Ce 27 décembre 2024, Awen Kerdraon est appelée sur le téléphone des sentinelles pour une trentenaire frappée par son mari. Dès son accueil, la patiente, choquée, est reçue dans un box individuel. L'infirmière la reconnaît: la dernière fois, elle avait été amenée par les pompiers, sur un brancard, incapable de marcher.

Dans le réseau informatique de l'AP-HM, son nom est surligné en rouge, signe qu'elle "n'existe pas" pour l'extérieur: "si quelqu'un se présente ou appelle pour la chercher, on lui répond qu'on n'a personne à ce nom".

"Vous n'êtes pas responsable de ce qui vous arrive", explique Awen Kerdraon à la femme en pleurs, "vous êtes la victime dans l'histoire".

Elle la confie à un médecin, qui poursuit la consultation et établit un certificat pour constater les lésions "le plus clairement possible pour la justice". La jeune femme, en instance de séparation, ne se sent pas capable de porter plainte tout de suite, explique-t-elle, mais elle veut garder ce papier dans son dossier, "pour plus tard".

A une cinquantaine de kilomètres de Marseille, Virginie, employée de France Travail et victime de violences conjugales, aurait aimé tomber sur un personnel médical formé comme les sentinelles, a-t-elle confié à l'AFP. Et de raconter sa propre consultation dans un service d'urgences, avec un médecin "plus gêné" qu'elle quand elle lui confie ce qu'elle subit.

"Il ne savait pas trop quoi poser comme question. Il m'a auscultée comme si c'était une simple chute en fait..."

En sortant de l'hôpital, Virginie ne s'était sentie ni "rassurée, ni écoutée. Je suis repartie comme une pauvre fille, voilà c'est vraiment le sentiment que j'avais..."

- Flagrant délit -

Pour éviter de laisser ces femmes "dans la nature", les exposant à la récidive, les sentinelles comptent aussi sur la police.

Une coopération pas toujours évidente, reconnaît Didier Khatchadourian, officier de police judiciaire au commissariat de Noailles, en centre-ville de Marseille, entre "deux mondes bien différents", l'hôpital et la police.

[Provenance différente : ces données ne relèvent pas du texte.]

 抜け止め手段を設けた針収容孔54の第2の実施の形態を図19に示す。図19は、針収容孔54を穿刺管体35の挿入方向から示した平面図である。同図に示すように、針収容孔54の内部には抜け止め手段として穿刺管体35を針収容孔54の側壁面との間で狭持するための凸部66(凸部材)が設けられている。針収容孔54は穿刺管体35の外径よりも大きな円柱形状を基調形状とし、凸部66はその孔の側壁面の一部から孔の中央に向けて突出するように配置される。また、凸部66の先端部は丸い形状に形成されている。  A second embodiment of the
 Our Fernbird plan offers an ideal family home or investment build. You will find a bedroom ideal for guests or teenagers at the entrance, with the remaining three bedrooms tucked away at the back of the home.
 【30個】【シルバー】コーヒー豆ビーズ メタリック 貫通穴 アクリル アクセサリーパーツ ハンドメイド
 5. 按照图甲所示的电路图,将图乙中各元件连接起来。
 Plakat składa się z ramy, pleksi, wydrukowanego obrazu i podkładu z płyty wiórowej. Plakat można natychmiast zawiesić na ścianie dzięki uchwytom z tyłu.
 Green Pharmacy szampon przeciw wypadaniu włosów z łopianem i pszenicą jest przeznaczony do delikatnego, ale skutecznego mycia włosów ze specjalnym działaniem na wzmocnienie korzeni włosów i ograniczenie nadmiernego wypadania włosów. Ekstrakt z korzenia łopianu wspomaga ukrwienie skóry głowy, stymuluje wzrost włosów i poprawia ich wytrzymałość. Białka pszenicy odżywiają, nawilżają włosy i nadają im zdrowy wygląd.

"Là, on travaille avec des gens qui ont compris la procédure pénale, expérimentés sur ces questions et qui ont du discernement, ça change tout", reconnaît-il: il suffit qu'une "sentinelle" appelle le commissariat pour signaler une patiente venue pour des coups et blessures, une séquestration, un viol, même si la victime n'a pas porté plainte.

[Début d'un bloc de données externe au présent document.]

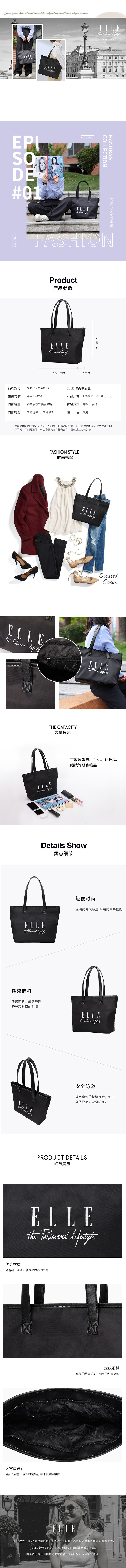 ELLE 时尚单肩包GH162P90201BK 黑色 规格: 400*280*115mm
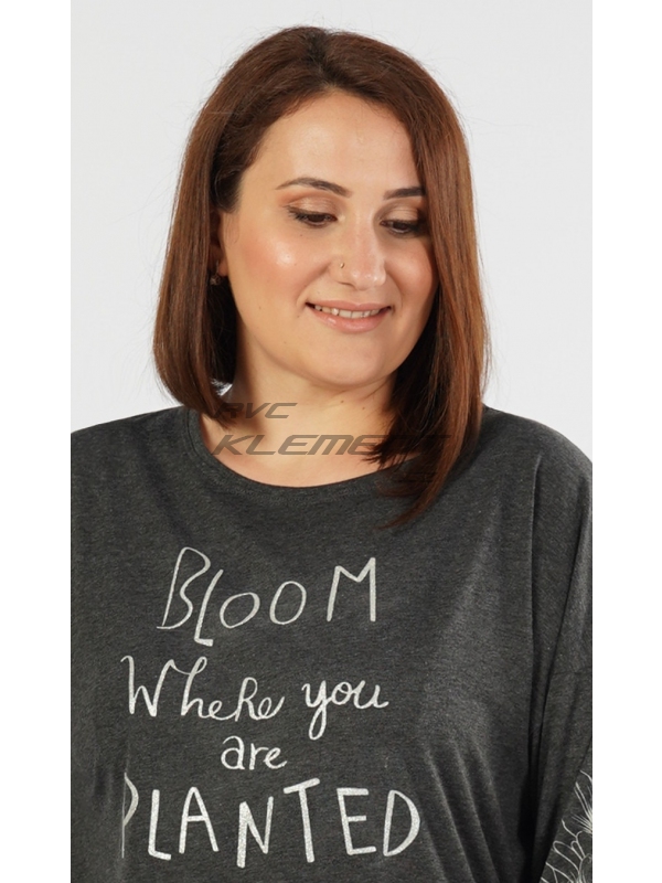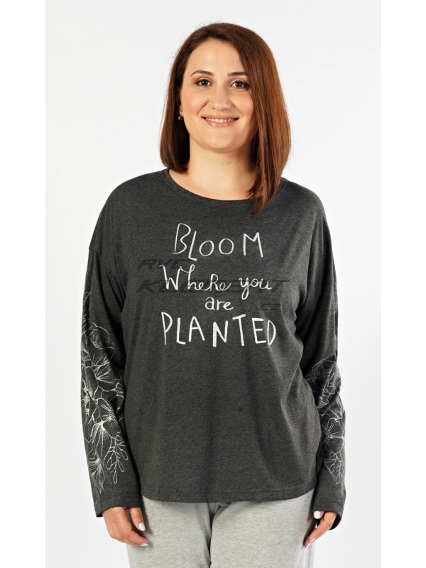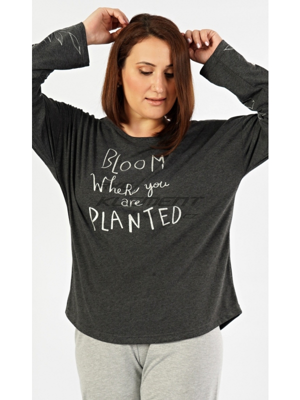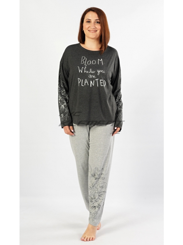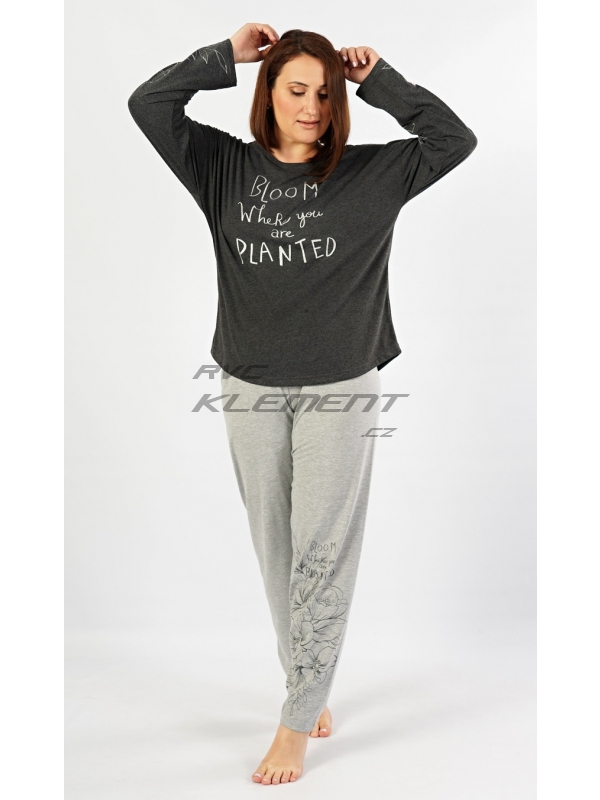 Dámské pyžamo dlouhé Berenika. Dámské pyžamo se skládá z trička s dlouhým rukávem a dlouhých kalhot. Triko je v tmavě šedé barvě se stříbrným nápisem a květinami na rukávu. Kalhoty jsou světle šedé s opakujícím se motivem jako na triku, jsou do gumy a na stažení šňůrkou. Použitý materiál s obsahem bavlny 70% je poddajný a příjemný na dotek.

Le dispositif permet aux policiers d'agir "en flagrant délit", puisque "dans 80% des cas, la victime vient à l'hôpital dans les 24 heures après les faits".

Si le conjoint violent est dans la salle d'attente, ou chez lui, "on peut agir très vite et aller directement l'interpeller". Avec toujours en tête "la sécurité de la victime, de sorte que le soir je puisse me coucher en me disant +elle ne va pas se faire tuer+", poursuit le policier.

Malgré tous leurs efforts, les sentinelles essuient parfois des refus des victimes face à leur proposition d'aide. Mais "on n'est pas là pour influencer leur décision", rappelle Audrey Franciosini. "Ces femmes ont déjà trop souvent été empêchées de penser par elles-mêmes, on ne peut pas décider pour elles".